Happy 62nd Birthday Joe Strummer, Wherever You Are!


When I was living in L.A., one of the things I realized was how easily one could become desensitized to the thrill of running into celebrities. Prior to that, whilst living in Chicago and playing a lot of gigs around town, I'd gotten to meet a lot of well-known musicians and comedians, so I was already well-versed in the fine art of "pretending to not be all that impressed by having a mini-moment with someone famous".

Of course, in most cases, I wasn't pretending. As much as your average starstruck Trekkie may have geeked out in the presence of Colm Meaney at the corner Starbucks, he was just one of many "famous" folks I saw on an almost daily basis.

So when I found myself sitting across from Joe motherfucking Strummer in a crowded concourse at O'Hare airport awaiting the flight that would take us both back to L.A., I wasn't so much starstruck as respectful of the guy's privacy.
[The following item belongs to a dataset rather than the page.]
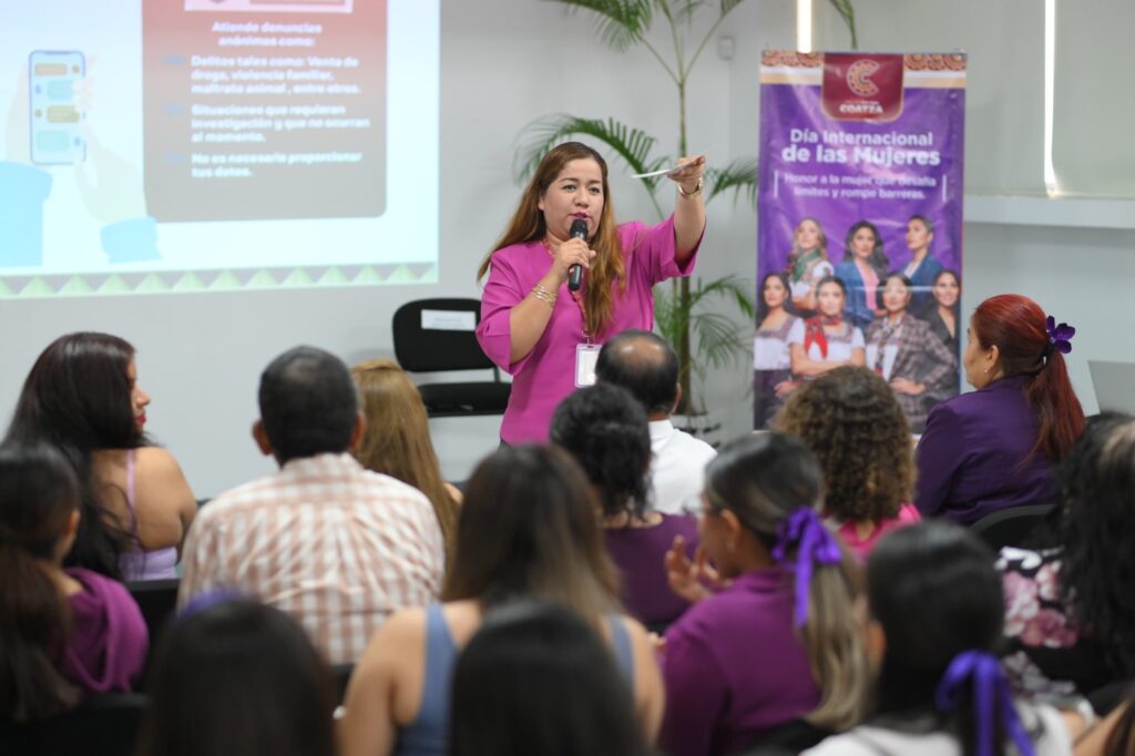 Entre las ponencias destacaron “Tipos de violencia”, impartida por la licenciada Karla Montserrat Fuentes; “Instalación y uso de aplicaciones móviles para la seguridad”, presentada por la licenciada Ilima Abi Anaya Hernández; y “Mujer que estudia, mujer que transforma”, expuesta por Susana Zuleyma Reyes Leyva.

Plus, I was exhausted.

I had come to Chicago a couple weeks prior to begin work on my next album and, after ten straight 17-hour days in a windowless recording studio, I could still hear the relentless THUMP ...THUMP of my producer isolating the kick or snare drum for the gazillionth time.  So when Joe reached across and tapped me on the shoulder to ask me the time,  I didn't so much hear him as see him pointing at my wrist.  I responded by slipping the watch off my wrist and handing it to him.

I then pretended to go back to sleep.  When I opened my eyes a few seconds later to let him know I was just kidding around, he playfully began to slip the watch onto his own wrist and we both began laughing.  He may have said something like "I get more watches this way," but I admit to not always being able to decifer those tricky British accents.
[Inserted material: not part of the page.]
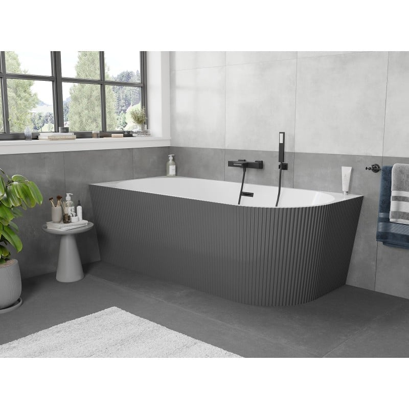 Volně stojící vana Mexen Silo do levého rohu, drážkovaná, 150 x 75 cm, bílá/šedá, černý přepad - 52891507562L-70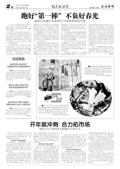 開(kāi)年就沖刺合力拓市場(chǎng) 聯(lián)信公司工程項(xiàng)目中標(biāo)額達(dá)3.48億元

Long story short, the flight got delayed and I found myself trying to pass the time as best I could.  I tried reading one of the books I'd brought, but finally gave up and wandered into one of the lounges and took a seat at the bar.  A few minutes later, Joe fucking Strummer walks in and, upon seeing me at the bar, waves at me and makes a beeline for the chair next to mine.

This time, he introduces himself ("I'm Joe by the way") and for the next couple hours, we converse amid a sea of humanity that cheers and jeers along to the Bulls game that is on every TV screen in the joint.
At no point did anyone come up to him and ask for an autograph, or even do a double-take, which I find kind of surprising because even if he wasn't Joe fucking Strummer, he looked just about as cool as you could look sitting in an airport lounge.
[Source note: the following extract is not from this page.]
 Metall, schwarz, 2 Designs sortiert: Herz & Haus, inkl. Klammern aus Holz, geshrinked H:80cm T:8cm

Never once during our conversation did I let on that I knew who he was, or try to steer the conversation towards music.  To me, it felt like he enjoyed the idea of two anonymous strangers having a chat about God-knows-what and I didn't want to spoil that.

And then I heard those infamous guitar scrapes and soon "Should I Stay Or Should I Go" was playing in the lounge.  I hadn't even noticed music was playing up until that moment and I could see Joe stop for a moment. I briefly wondered if someone associated with the establishment had recognized Joe and was playing the song intentionally as a way of saying "Look who's here", but it turned out to be a radio station that was playing over the speakers.

For the duration of the song, Joe was quiet.  That's the thing I remember the most.  The minute the next song - Men At Work's "Who Can It Be Now" - he picked up the conversation right where he'd left it.

The guy knew his world politics and talked excitedly about his favorite dictators and the vicious ways in which they'd risen to power.  He also talked about American cars - the classic ones - and food.

When it came time to head back to the gate to catch our flight, we both paid our bills and walked back to the boarding area.  Though we would be on the same plane for the next four hours, we sat in separate sections and I did not see him when I got off.

That's okay though, I'd had my moment with one of my heroes.  It was a perfect moment, too, because it wasn't about who he was, or how I got to hang out with someone famous, it was about meeting a cool guy in an airport and having an actual conversation that didn't seem like an interview.

A year later, he would die suddenly and I would find myself wishing I could remember more of what we talked about.

Joe Strummer would have been 62 years old today and, in the twelve years since his death, I must say that I've missed hearing the music I know he would have made, but, more importantly, I've missed his perspective on things.  This, after all, was one of the few guys in the whole damn world who seemed to have it figured out.